Physical characteristics
- • location: pond at the base of North Mountain in Fairmount Township, Luzerne County, Pennsylvania
- • elevation: between 1,340 and 1,360 feet (410 and 410 m)
- • location: Kitchen Creek in Fairmount Township, Luzerne County, Pennsylvania
- • elevation: 994 ft (303 m)
- Length: 1.8 mi (2.9 km)
- Basin size: 1.20 mi^{2} (3.1 km^{2})

Basin features
- Progression: Kitchen Creek → Huntington Creek → Fishing Creek → Susquehanna River → Chesapeake Bay
- • left: one unnamed tributary

= Crooked Creek (Kitchen Creek tributary) =

River in Pennsylvania, United States

Crooked Creek is a tributary of Kitchen Creek in Luzerne County, Pennsylvania, in the United States.

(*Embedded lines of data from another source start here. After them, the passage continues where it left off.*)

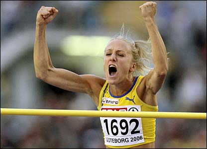 Kajsa Margareta Bergqvist (Swedish pronunciation: [?kaj?sa ?bær?j?kv?st]; born October 12, 1976 in Sollentuna Municipality in Stockholm County) is a Swedish former high jumper. She won one bronze medal in the Olympic Games, one gold and two bronze medals in the World Championships in Athletics and one gold and one bronze in the European Championships. Her personal outdoor record of 2.06 m, set in Germany in 2003, is also a Swedish record. Her indoor record of 2.08 m, set at the Hochsprung mit Musik meeting in 2006, is still the standing world indoor record.
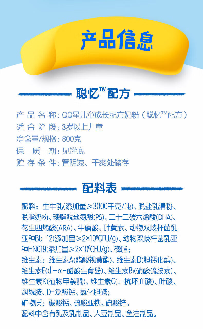 伊利QQ星儿童成长配方奶粉800g
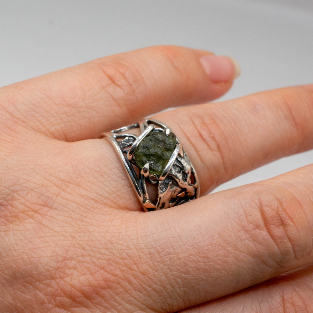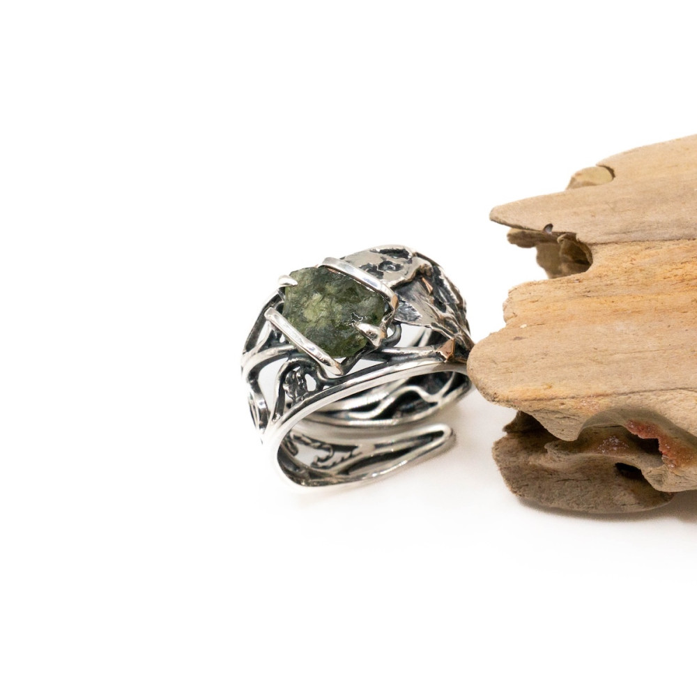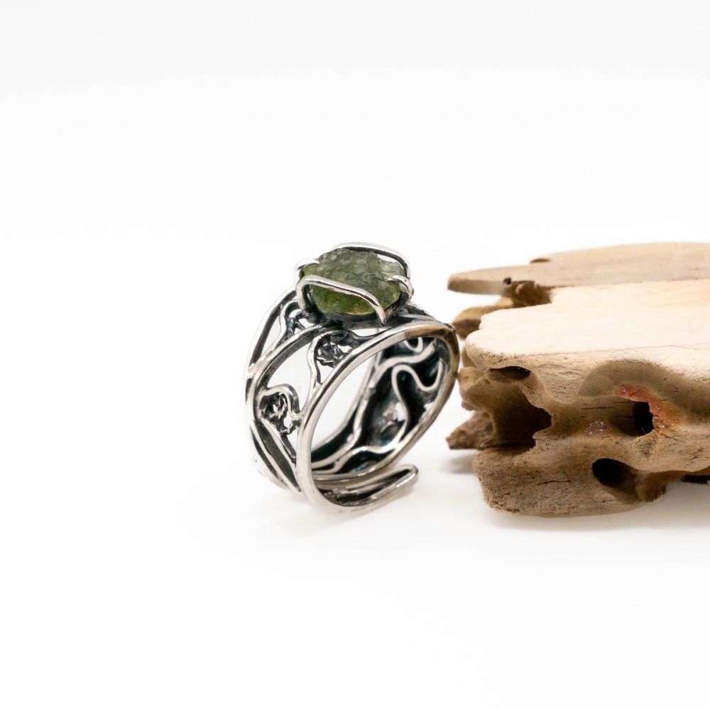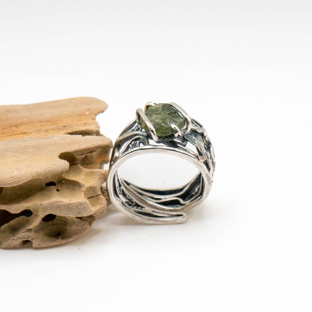 This handcrafted sterling silver ring with moldavite and delicate gold accents is an artisan creation where the stone’s natural energy unfolds with exceptional depth. The raw beauty of the moldavite is enhanced by the contrast of cool silver and the warm glow of gold, both shaped precisely to follow the stone’s organic form. Every line and curve of the metal echoes the mineral’s energy, forming a harmony between nature, silver, and noble gold. A piece for those who value individuality and jewelry with true character.
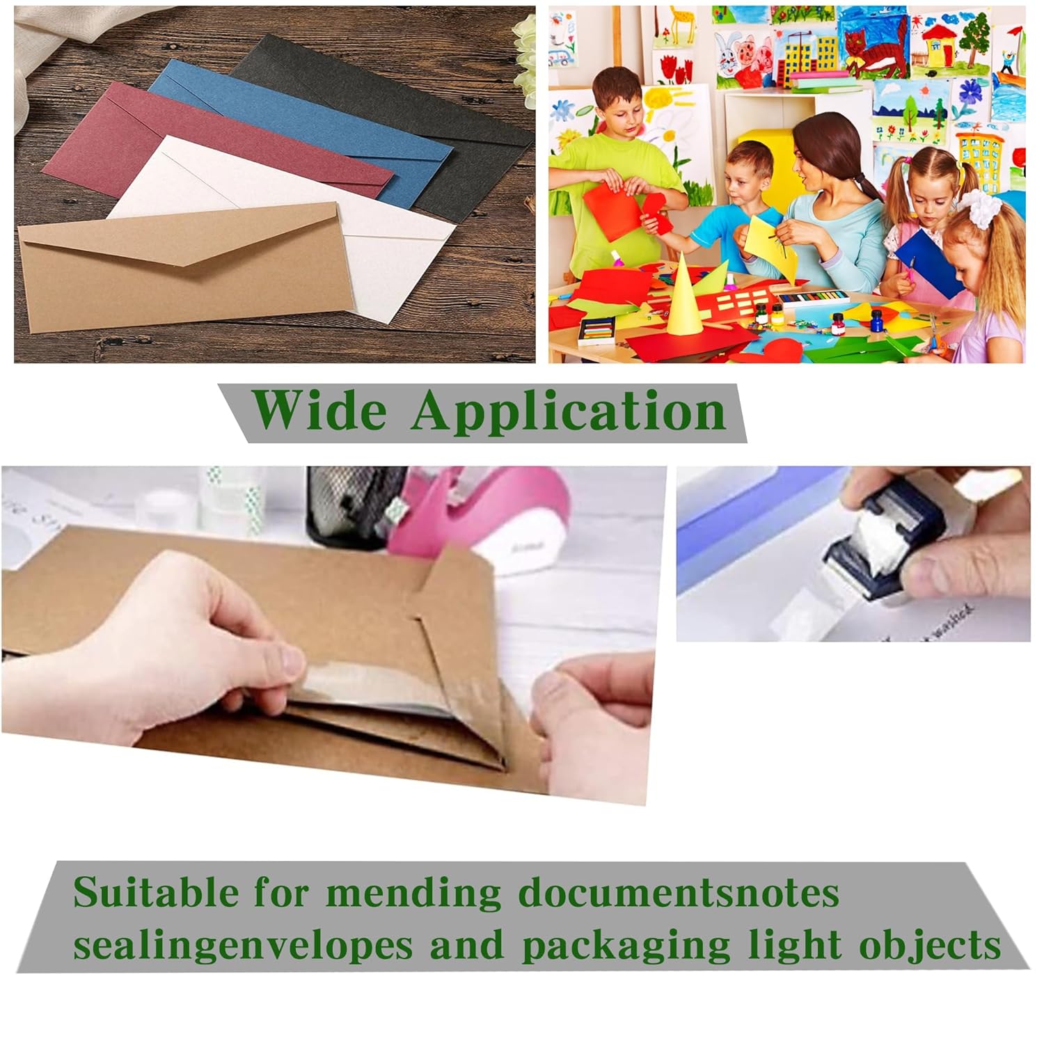 - It has wide applications: The replacement tape can be used to seal envelopes, repair broken files, stick torn papers or pages, and also be used as packaging tape for gifts and lightweight items. It is highly suitable for use in holiday gift packaging, offices, homes, and schools.
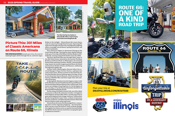 Travel the buckeye backroads through Belmont County featuring three scenic byways – more than any other county in Ohio ! It ’ s perfect for a leisurely drive to experience natural beauty with picturesque views , rolling hills and winding roads . flicker in the twilight – Illinois Route 66 is more than a road ; it ’ s a journey through America ’ s past . Spanning 301 miles from Chicago to Granite City , this legendary highway offers a nostalgic mix of diners , quirky attractions , and historic landmarks .
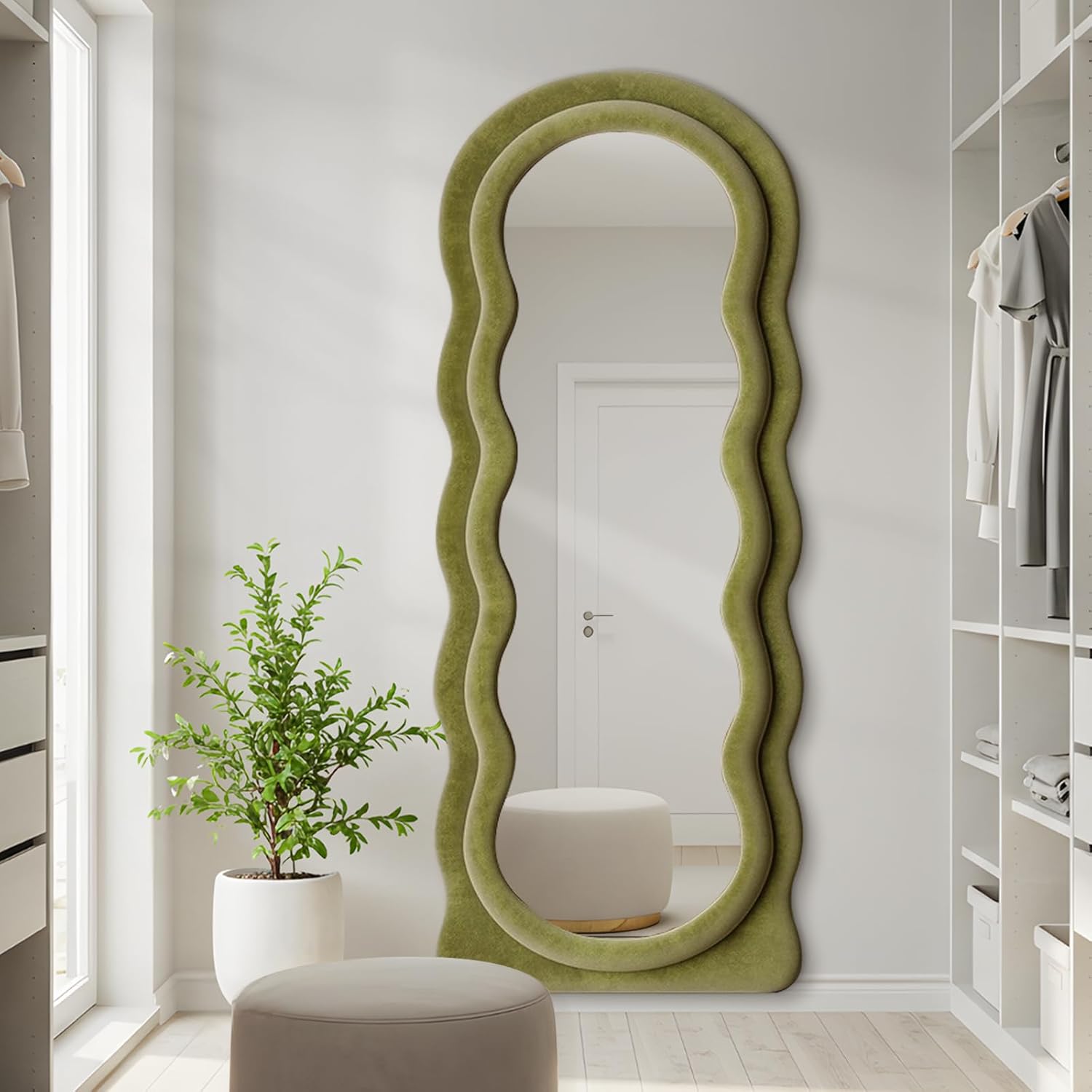 - Green Flannel Irregular Wavy Frame Floor Mirror: The full length standing mirror features a modern style that can complement any type of room decor, adding a touch of elegance to your room. It will be a great wall decor art piece for your home. This full body mirror with sleek looking is also great for selfies or pictures in general
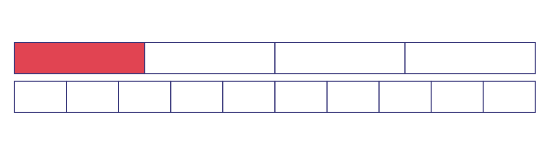 To establish the equality relationship between a fraction whose denominator is not a power of ten (for example, \(\frac{1}{4}\) and the corresponding decimal number, it is necessary to use the concept of equivalent fractions. For example, students can use strips of equal length as shown below to see that \(\frac{1}{4}\) is between \(\frac{2}{10}\) and \(\frac{3}{10}\).

It is approximately 1.8 mi long and flows through Fairmount Township. The watershed of the creek has an area of 1.20 sqmi and there is one named tributary. The creek is considered to be Class A Wild Trout Waters and a portion of it flows through Ricketts Glen State Park. Wisconsinan Till, Wisconsinan Outwash, and alluvium can be found in its vicinity.

==Course==
Crooked Creek begins in a pond at the base of North Mountain, just west of the community of Ripple and not far from Ricketts Glen State Park in Fairmount Township. The creek flows southwest for several hundred feet, crossing Pennsylvania Route 118. It then turns west-southwest for more than a mile, its valley gradually deepening. It crosses Bethel Hill Road and receives an unnamed tributary from the left. The creek eventually turns south and after a few tenths of a mile, reaches its confluence with Kitchen Creek.

Crooked Creek joins Kitchen Creek 4.80 mi upstream of its mouth.

==Hydrology, geography and geology==
The concentration of alkalinity in the waters of Crooked Creek is 7 milligrams per liter.

The elevation near the mouth of Crooked Creek is 994 ft above sea level. The elevation of the creek's source is between 1340 and 1360 ft.

For much of its length, Crooked Creek flows through Wisconsinan Till, Wisconsinan Outwash, and alluvium. The Wisconsinian Till is a glacial till that is more than 6 ft thick. The Wisconsinian Outwash consists of stratified sand and gravel and ranges from 6 ft to more than 30 ft thick. The alluvium contains stratified silt, sand, and gravel, and is typically more than 6 ft thick. Bedrock made of shale and sandstone can also be found in the vicinity of the creek in its lower reaches. The Wisconsinian Till is prevalent in the creek's upper reaches.

==Watershed==
The watershed of Crooked Creek has an area of 1.20 sqmi. The creek is in the United States Geological Survey quadrangles of Red Rock and Sweet Valley. Its mouth is in the former and its source is in the latter. The lower and middle reaches of the creek are in Ricketts Glen State Park.

==History==
Crooked Creek was entered into the Geographic Names Information System on August 2, 1979. Its identifier in the Geographic Names Information System is 1192314.

==Biology==
Crooked Creek is considered by the Pennsylvania Fish and Boat Commission to be Class A Wild Trout Waters for brook trout. The creek holds this designation for its entire length. The Pennsylvania Fish and Boat Commission describes Class A Wild Trout Waters as being able to "support a population of naturally produced trout of sufficient size and abundance to support a long-term and rewarding sport fishery" and also not being stocked with fish.

==See also==
- Maple Run, next tributary of Kitchen Creek going downstream
- Boston Run, next tributary of Kitchen Creek going upstream
- List of tributaries of Fishing Creek (North Branch Susquehanna River)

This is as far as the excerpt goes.